++++ Input data

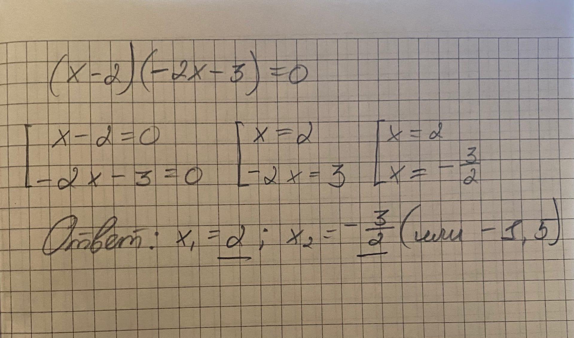 (х-2)=(-2x-3) =0 помогите пожалуйста
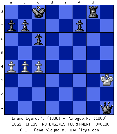 Last move : 0-1 2023 November 23 18:35:51 [Event "FICGS__CHESS__NO_ENGINES_TOURNAMENT__000130"] [Site "FICGS"] [Date "2023.10.26"] [Round "1"] [White "Brand Lyard,Paul"] [Black "Pirogov,Andrey Mikhaylovich"] [Result "0-1"] [WhiteElo "1386"] [BlackElo "1800"] 1.d4 d5 2.Nf3 c6 3.e3 Nf6 4.Nc3 Bf5 5.Ne5 Nbd7 6.Bd3 Bxd3 7.Qxd3 e6 8.Nxd7 Qxd7 9.O-O Be7 10.Re1 O-O-O 11.Re2 h5 12.h4 Nh7 13.e4 dxe4 14.Rxe4 g5 15.hxg5 Nxg5 16.Bxg5 Bxg5 17.f4 Bf6 18.Rae1 Bxd4+ 19.Rxd4 Qxd4+ 20.Qxd4 Rxd4 21.g3 h4 22.gxh4 Rxf4 23.b3 R8xh4 24.Ne2 Rhg4+ 25.Kh1 Rf6 26.Ng3 Rxg3 27.Kh2 Rg8 28.Re3 Rh6+ 29.Rh3 Rxh3+ 30.Kxh3 e5 31.Kh4 e4 32.c4 e3 33.a4 e2 34.b4 e1Q+ 35.Kh3 Qh1+ 0-1 Follow this game move after move (download)Good offense and good defense both begin with good development. (Bruce A. Moon) Die Neutralität betrachte ich als eine schwere Krankheit. (Viktor Kortschnoi) Bobby solo arroja las piezas y solas caen en las casillas correctas. (Miguel Najdorf ) La vie et les Echecs sont tous les deux une lutte constante. (Lasker) Nowadays, anyone who cannot speak English and is incapable of using the Internet is regarded as backward. (Al-Waleed bin Talal)
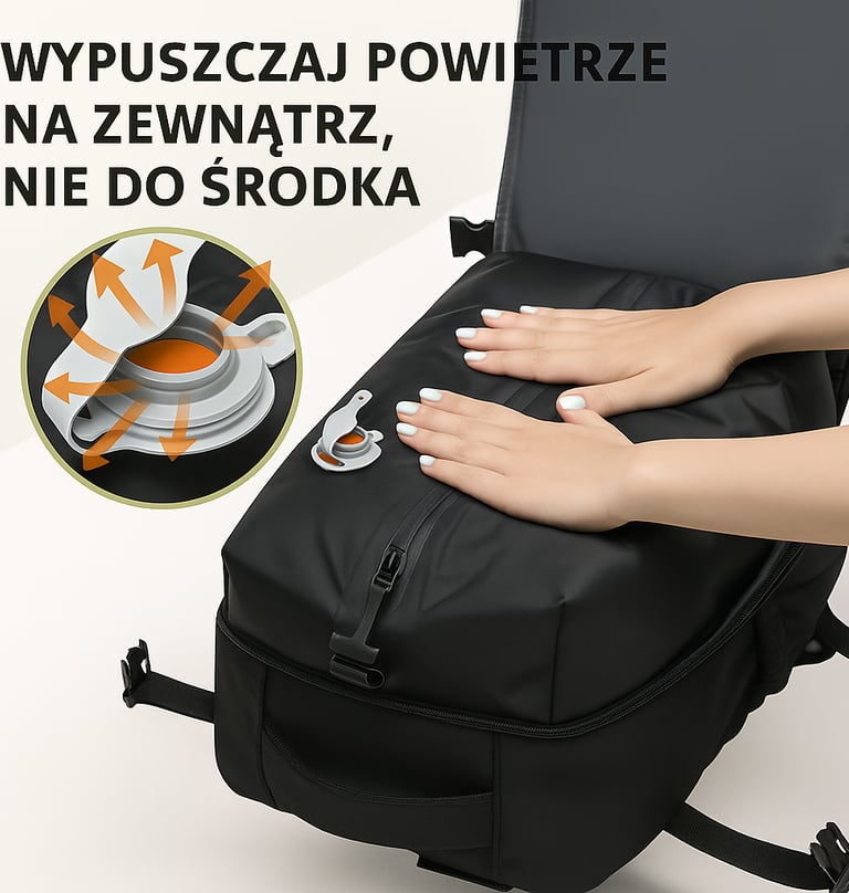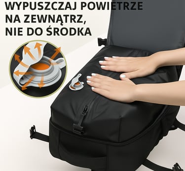 Specjalny zawór wypuszcza powietrze z plecaka, dzięki czemu zawartość naturalnie się spłaszcza, a Ty zyskujesz dodatkową przestrzeń — bez konieczności używania pompki.
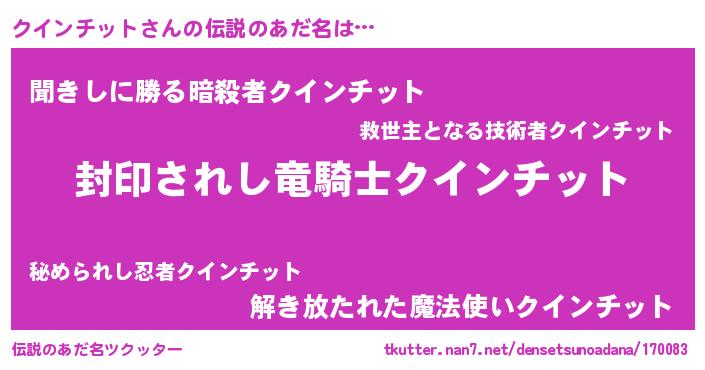 | 意味不明あだ名 | 『住所不定無職クインチット(6歳)』 |
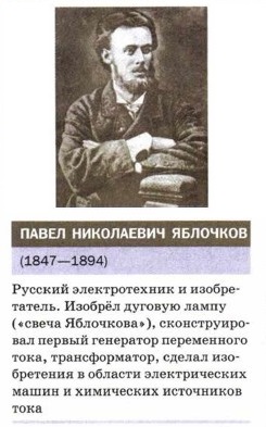 Теперь вернёмся к вопросу о передаче электроэнергии от электростанции к месту её потребления. Напряжение, вырабатываемое генератором, обычно не превышает 25 кВ. А для оптимальной передачи электроэнергии на большие расстояния требуется напряжение порядка сотен киловольт. Поэтому ток с электростанции сначала подаётся на расположенную неподалёку повышающую трансформаторную подстанцию, где напряжение повышается до нескольких сотен киловольт (в большинстве случаев оно не превышает 750 кВ), и под таким напряжением подаётся в ЛЭП. Поскольку такое высокое напряжение не может быть предложено потребителю, то в конце линии его подают поочерёдно на несколько трансформаторных подстанций, понижающих напряжение до 380 или 220 В, а затем — на предприятия или в жилые дома. Трансформаторы нашли широкое применение в быту. Например, при подзарядке сотового телефона имеющийся в зарядном устройстве трансформатор понижает напряжение, полученное из осветительной сети и равное 220 В, до 5,5 В, пригодного для телефона. В телевизоре имеется несколько трансформаторов (как понижающих, так и повышающих), поскольку для питания различных его узлов требуется напряжение от 1,5 В до 25 кВ. Вопросы1. Какой электрический ток называется переменным? С помощью какого простого опыта его можно получить?
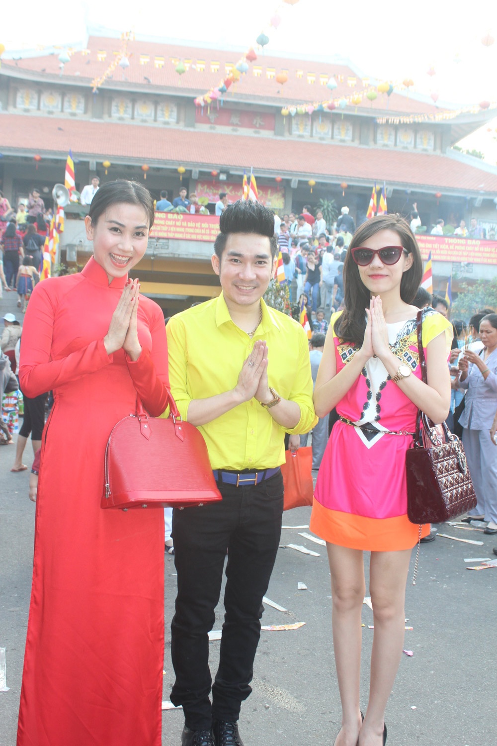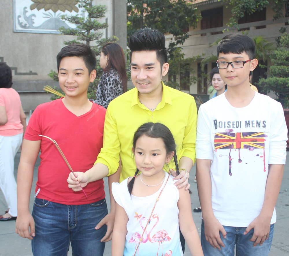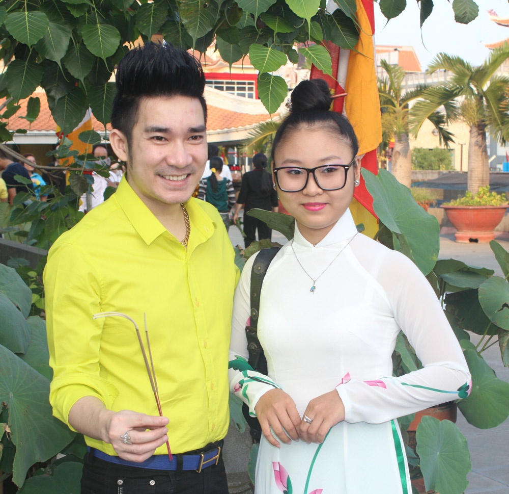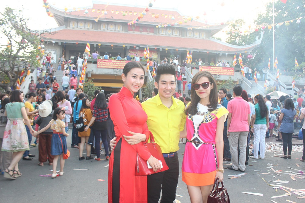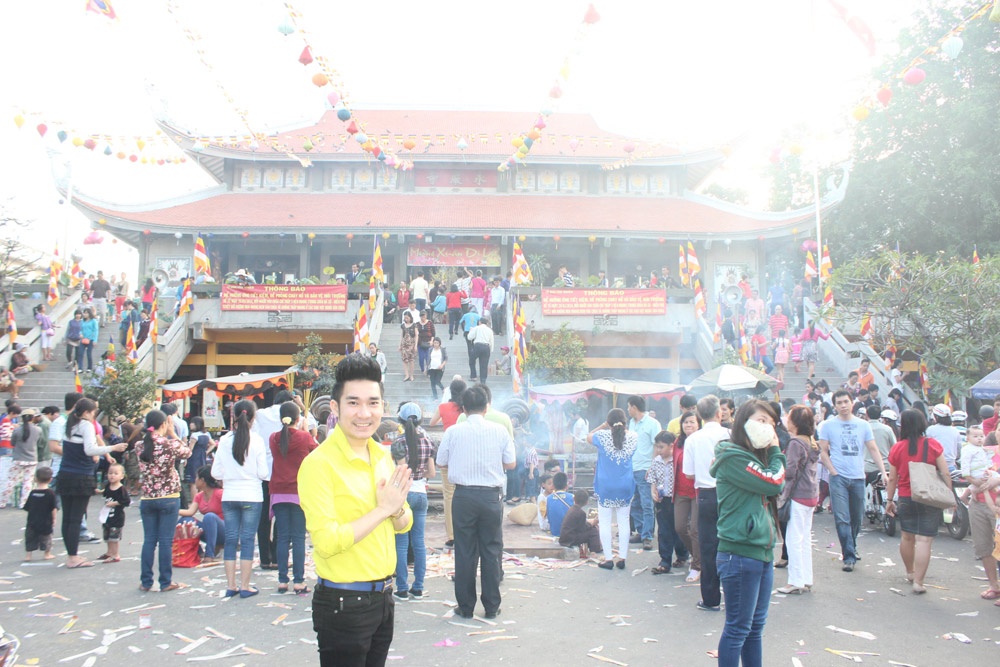 Ngày đầu năm mới, nam ca sĩ "Ngỡ" rủ bạn bè, người thân đi chùa cầu bình an cho cả năm. Khi đi lễ tại chùa Vĩnh Nghiêm, TP.HCM anh vui khi gặp MC Quỳnh Hoa và em gái Thanh Thảo.
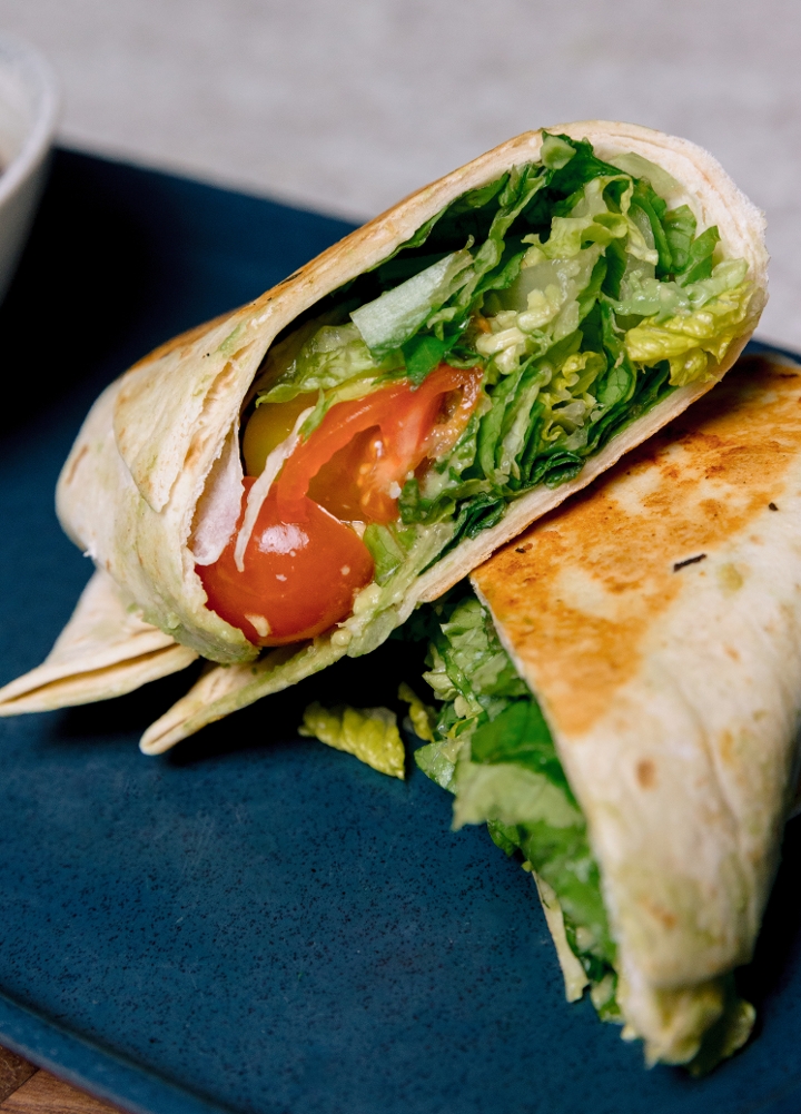 Avocado, tomato + our greens mix tossed in avocado crema wrapped in a flour tortilla
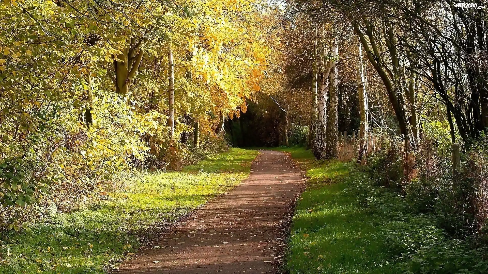 Zdjęcia, Lasek, Brzozowy, Droga, Cienie, Przebijające, Światło
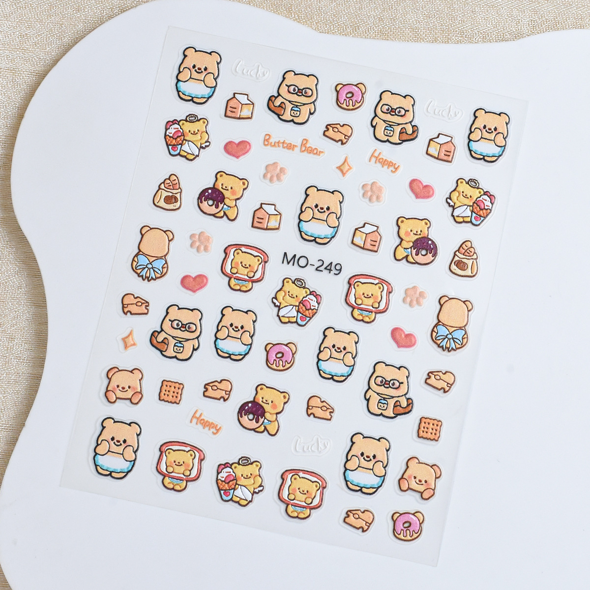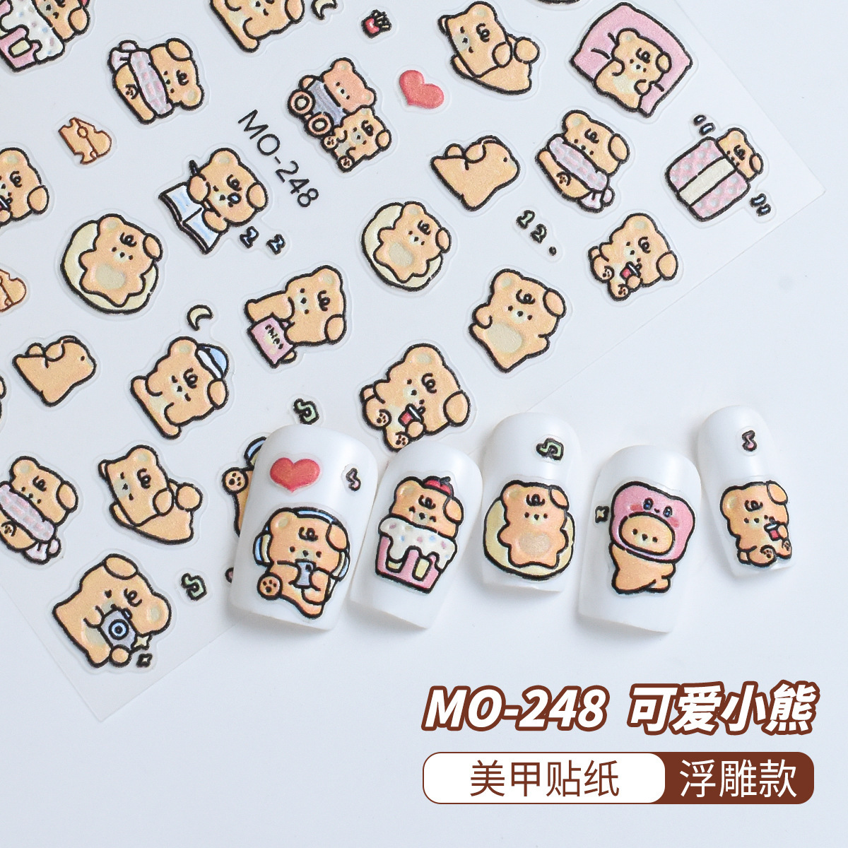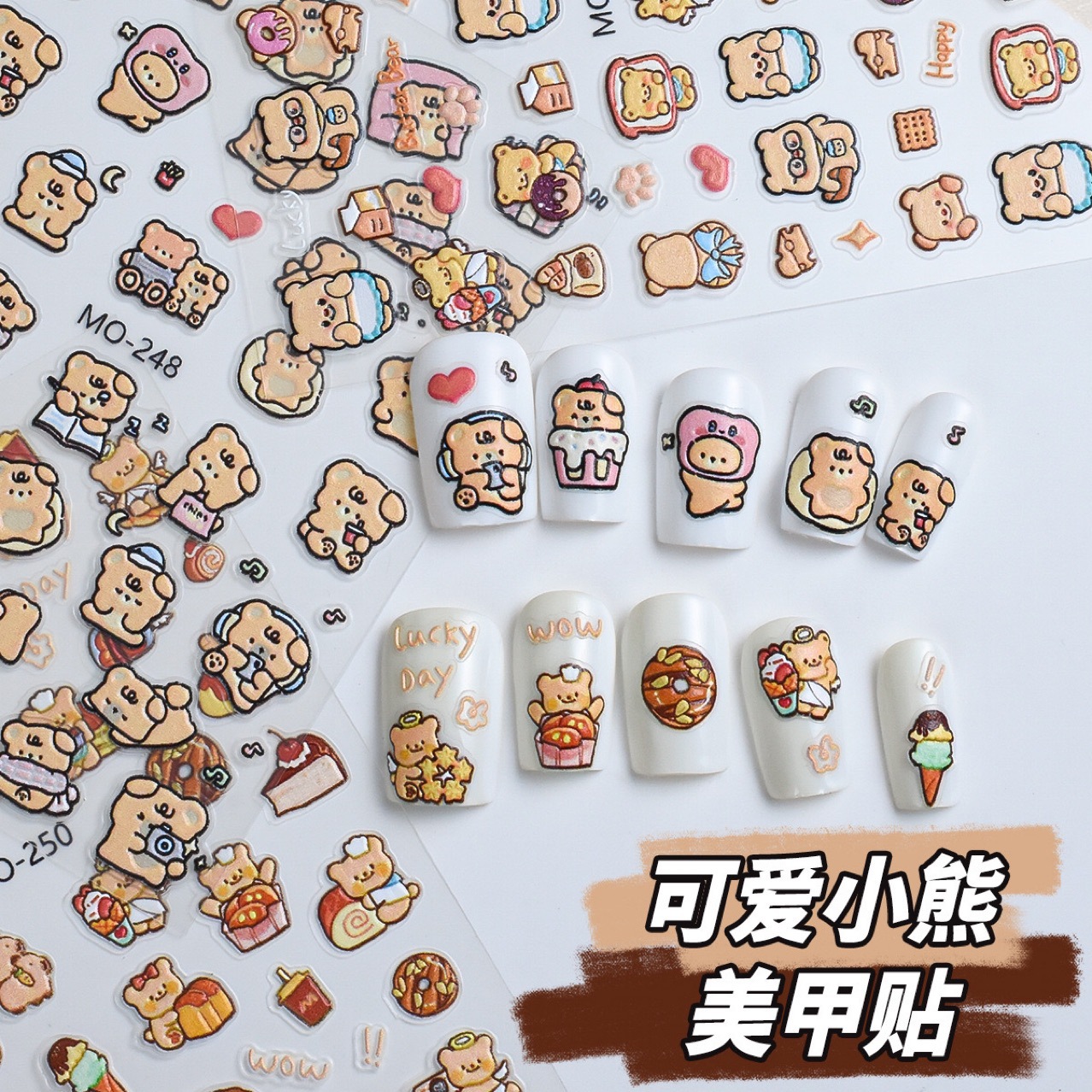 네일 아트 스티커 귀여운 곰 아이스크림 구호 3 차원 만화 곰 동물 낭만적 인 사랑 네일 데칼스토어 가기
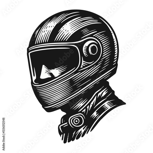 Motorcycle rider in action on the road. Detailed black and white vector illustration showing dynamic movement and sporty style in a set.
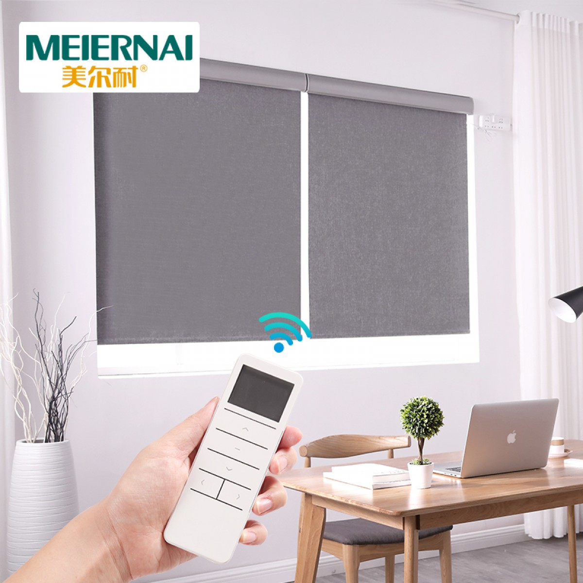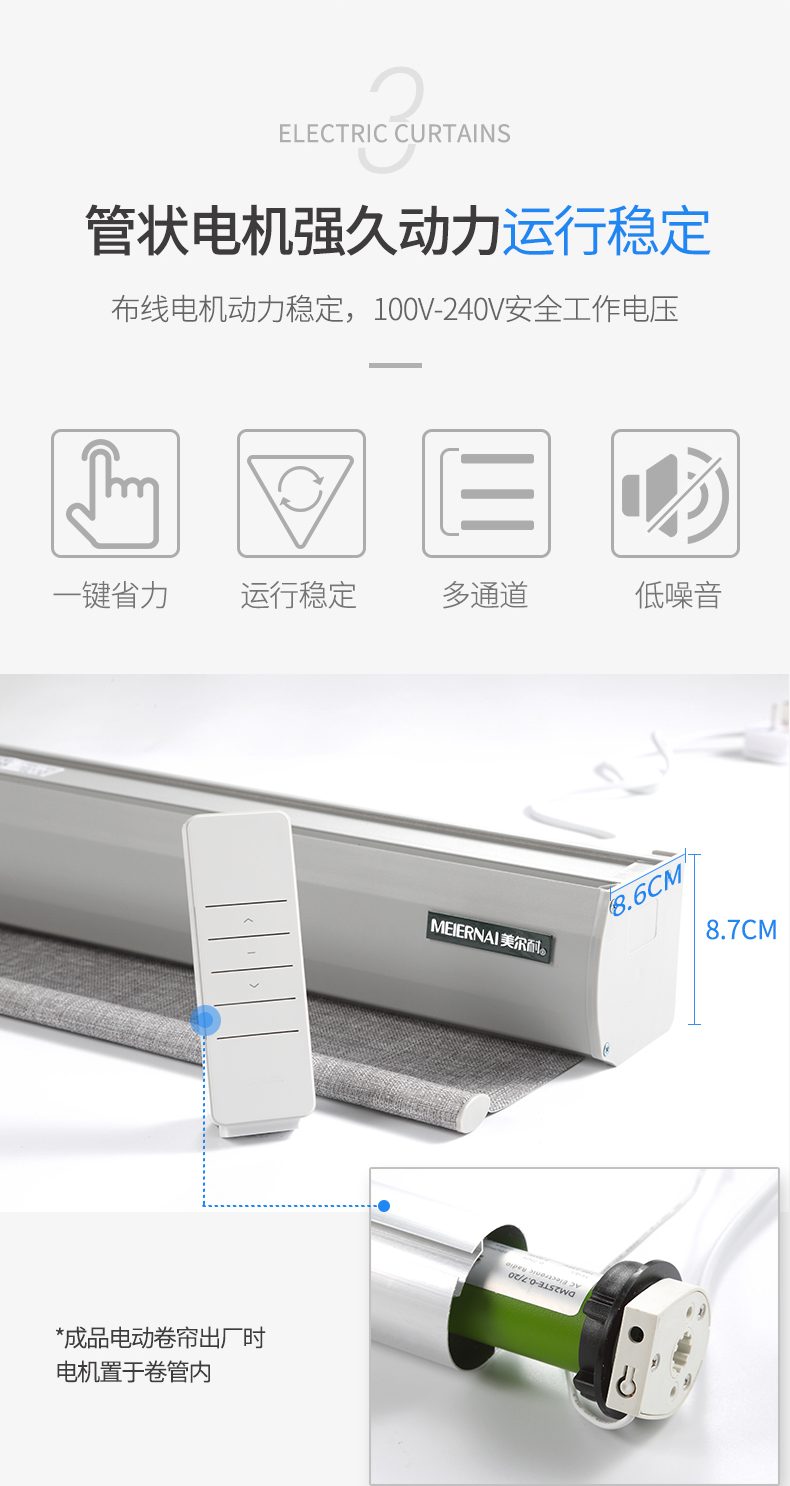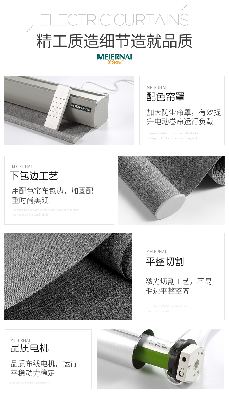 商品名称:美尔耐 布线式电动卷帘窗帘智能无线遥控自动升降全遮光仿亚麻定制

++++++++

* _Aim of the task_: Write out all the entries precisely as given, omitting each image.

* _The answer_:
 (х-2)=(-2x-3) =0 помогите пожалуйста
 Last move : 0-1 2023 November 23 18:35:51 [Event "FICGS__CHESS__NO_ENGINES_TOURNAMENT__000130"] [Site "FICGS"] [Date "2023.10.26"] [Round "1"] [White "Brand Lyard,Paul"] [Black "Pirogov,Andrey Mikhaylovich"] [Result "0-1"] [WhiteElo "1386"] [BlackElo "1800"] 1.d4 d5 2.Nf3 c6 3.e3 Nf6 4.Nc3 Bf5 5.Ne5 Nbd7 6.Bd3 Bxd3 7.Qxd3 e6 8.Nxd7 Qxd7 9.O-O Be7 10.Re1 O-O-O 11.Re2 h5 12.h4 Nh7 13.e4 dxe4 14.Rxe4 g5 15.hxg5 Nxg5 16.Bxg5 Bxg5 17.f4 Bf6 18.Rae1 Bxd4+ 19.Rxd4 Qxd4+ 20.Qxd4 Rxd4 21.g3 h4 22.gxh4 Rxf4 23.b3 R8xh4 24.Ne2 Rhg4+ 25.Kh1 Rf6 26.Ng3 Rxg3 27.Kh2 Rg8 28.Re3 Rh6+ 29.Rh3 Rxh3+ 30.Kxh3 e5 31.Kh4 e4 32.c4 e3 33.a4 e2 34.b4 e1Q+ 35.Kh3 Qh1+ 0-1 Follow this game move after move (download)Good offense and good defense both begin with good development. (Bruce A. Moon) Die Neutralität betrachte ich als eine schwere Krankheit. (Viktor Kortschnoi) Bobby solo arroja las piezas y solas caen en las casillas correctas. (Miguel Najdorf ) La vie et les Echecs sont tous les deux une lutte constante. (Lasker) Nowadays, anyone who cannot speak English and is incapable of using the Internet is regarded as backward. (Al-Waleed bin Talal)
 Specjalny zawór wypuszcza powietrze z plecaka, dzięki czemu zawartość naturalnie się spłaszcza, a Ty zyskujesz dodatkową przestrzeń — bez konieczności używania pompki.
 | 意味不明あだ名 | 『住所不定無職クインチット(6歳)』 |
 Теперь вернёмся к вопросу о передаче электроэнергии от электростанции к месту её потребления. Напряжение, вырабатываемое генератором, обычно не превышает 25 кВ. А для оптимальной передачи электроэнергии на большие расстояния требуется напряжение порядка сотен киловольт. Поэтому ток с электростанции сначала подаётся на расположенную неподалёку повышающую трансформаторную подстанцию, где напряжение повышается до нескольких сотен киловольт (в большинстве случаев оно не превышает 750 кВ), и под таким напряжением подаётся в ЛЭП. Поскольку такое высокое напряжение не может быть предложено потребителю, то в конце линии его подают поочерёдно на несколько трансформаторных подстанций, понижающих напряжение до 380 или 220 В, а затем — на предприятия или в жилые дома. Трансформаторы нашли широкое применение в быту. Например, при подзарядке сотового телефона имеющийся в зарядном устройстве трансформатор понижает напряжение, полученное из осветительной сети и равное 220 В, до 5,5 В, пригодного для телефона. В телевизоре имеется несколько трансформаторов (как понижающих, так и повышающих), поскольку для питания различных его узлов требуется напряжение от 1,5 В до 25 кВ. Вопросы1. Какой электрический ток называется переменным? С помощью какого простого опыта его можно получить?
 Ngày đầu năm mới, nam ca sĩ "Ngỡ" rủ bạn bè, người thân đi chùa cầu bình an cho cả năm. Khi đi lễ tại chùa Vĩnh Nghiêm, TP.HCM anh vui khi gặp MC Quỳnh Hoa và em gái Thanh Thảo.
 Avocado, tomato + our greens mix tossed in avocado crema wrapped in a flour tortilla
 Zdjęcia, Lasek, Brzozowy, Droga, Cienie, Przebijające, Światło
 네일 아트 스티커 귀여운 곰 아이스크림 구호 3 차원 만화 곰 동물 낭만적 인 사랑 네일 데칼스토어 가기
 Motorcycle rider in action on the road. Detailed black and white vector illustration showing dynamic movement and sporty style in a set.
 商品名称:美尔耐 布线式电动卷帘窗帘智能无线遥控自动升降全遮光仿亚麻定制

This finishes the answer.